The notebook demonstrates how to train a convolutional neural network (CNN) to classify images using the [Fashion MNIST](https://github.com/zalandoresearch/fashion-mnist) dataset and [PyTorch Distributed Data Parallel (DDP)](https://pytorch.org/tutorials/intermediate/ddp_tutorial.html). 

## Install Kubeflow Trainer

In [None]:
%pip install kubeflow-trainer

## Define Training Function

This function trains a simple CNN on Fashion MNIST dataset using PyTorch.

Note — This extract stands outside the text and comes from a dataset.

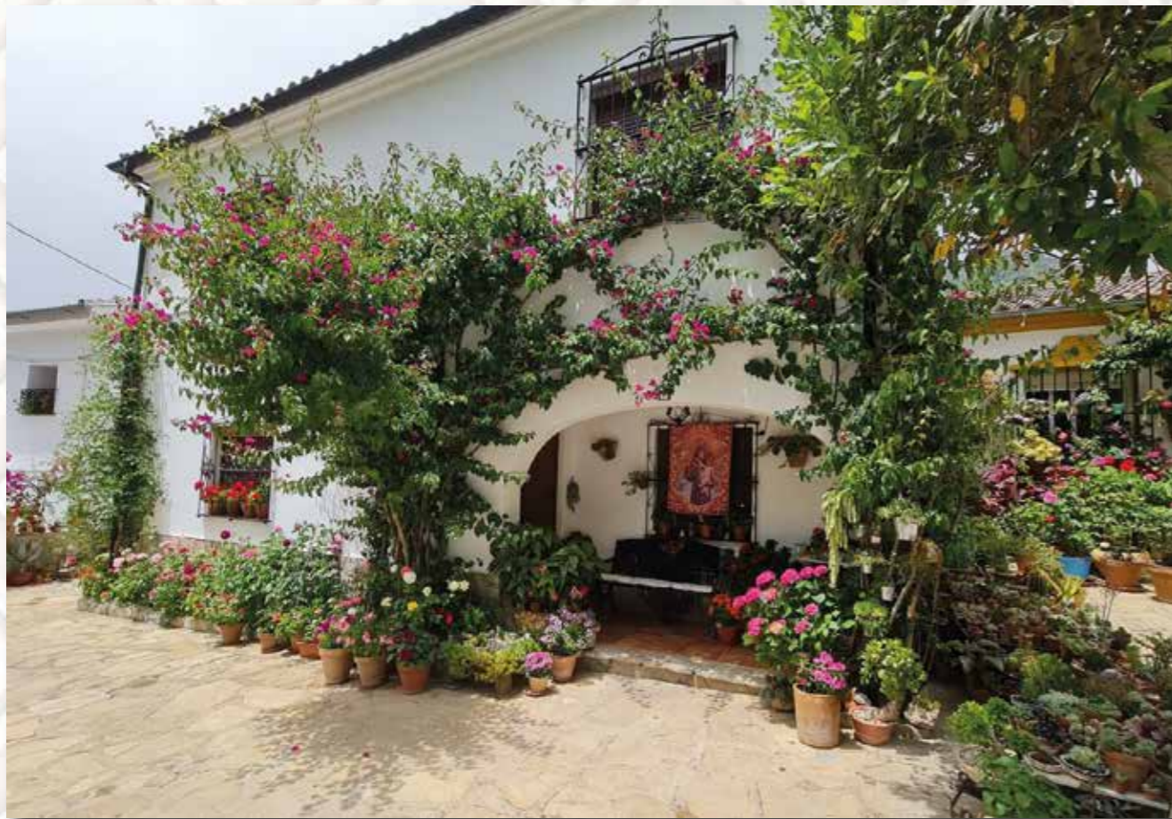
PRIMER PREMIO Isabel Jarillo Calvillo

**Note:** LocalProcessBackend runs in a **single process** (no distributed training), so we don't use `torch.distributed`.

In [None]:
def train_fashion_mnist():
    """Train a CNN on Fashion MNIST using PyTorch (single process)."""
    import torch
    import torch.nn.functional as F
    from torch import nn, optim
    from torch.utils.data import DataLoader
    from torchvision import datasets, transforms

    print("Starting training...")

    # Simple CNN model
    class Net(nn.Module):
        def __init__(self):
            super(Net, self).__init__()
            self.conv1 = nn.Conv2d(1, 20, 5, 1)
            self.conv2 = nn.Conv2d(20, 50, 5, 1)
            self.fc1 = nn.Linear(4 * 4 * 50, 500)
            self.fc2 = nn.Linear(500, 10)

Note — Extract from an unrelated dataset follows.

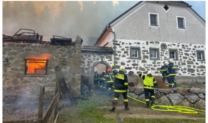
Brandeinsatz, St. Thomas, 27. Oktober 2025

Am 27. Oktober 2025, geriet in St. Thomas am Blasenstein der Wirtschaftstrakt eines Bauernhofs in Brand. Beim Eintreffen der ersten Feuerwehren stand das Gebäude bereits in Vollbrand.

        def forward(self, x):
            x = F.relu(self.conv1(x))
            x = F.max_pool2d(x, 2, 2)
            x = F.relu(self.conv2(x))
            x = F.max_pool2d(x, 2, 2)
            x = x.view(-1, 4 * 4 * 50)
            x = F.relu(self.fc1(x))
            x = self.fc2(x)
            return F.log_softmax(x, dim=1)

    # Create model
    model = Net()
    
    # Load Fashion MNIST dataset
    transform = transforms.Compose([
        transforms.ToTensor(),
        transforms.Normalize((0.5,), (0.5,))
    ])
    
    dataset = datasets.FashionMNIST(
        './data',
        train=True,
        download=True,
        transform=transform
    )
    
    train_loader = DataLoader(dataset, batch_size=64, shuffle=True)

    # Train for 2 epochs
    optimizer = optim.SGD(model.parameters(), lr=0.01, momentum=0.5)
    
    for epoch in range(1, 3):
        model.train()
        for batch_idx, (data, target) in enumerate(train_loader):
            optimizer.zero_grad()
            output = model(data)
            loss = F.nll_loss(output, target)
            loss.backward()
            optimizer.step()
            
            if batch_idx % 100 == 0:
                print(f'Epoch {epoch}, Batch {batch_idx}/{len(train_loader)}, Loss: {loss.item():.4f}')

    # Save model
    torch.save(model.state_dict(), "fashion_mnist_cnn.pt")
    print("Model saved!")
    
    print("Training complete!")


## Initialize TrainerClient

Create a client with LocalProcessBackend configuration:

In [22]:
from kubeflow.trainer import CustomTrainer, TrainerClient, LocalProcessBackendConfig

# Create backend config
backend_config = LocalProcessBackendConfig(
    cleanup_venv=True  # Automatically clean up virtual environments after jobs complete
)

# Initialize client
client = TrainerClient(backend_config=backend_config)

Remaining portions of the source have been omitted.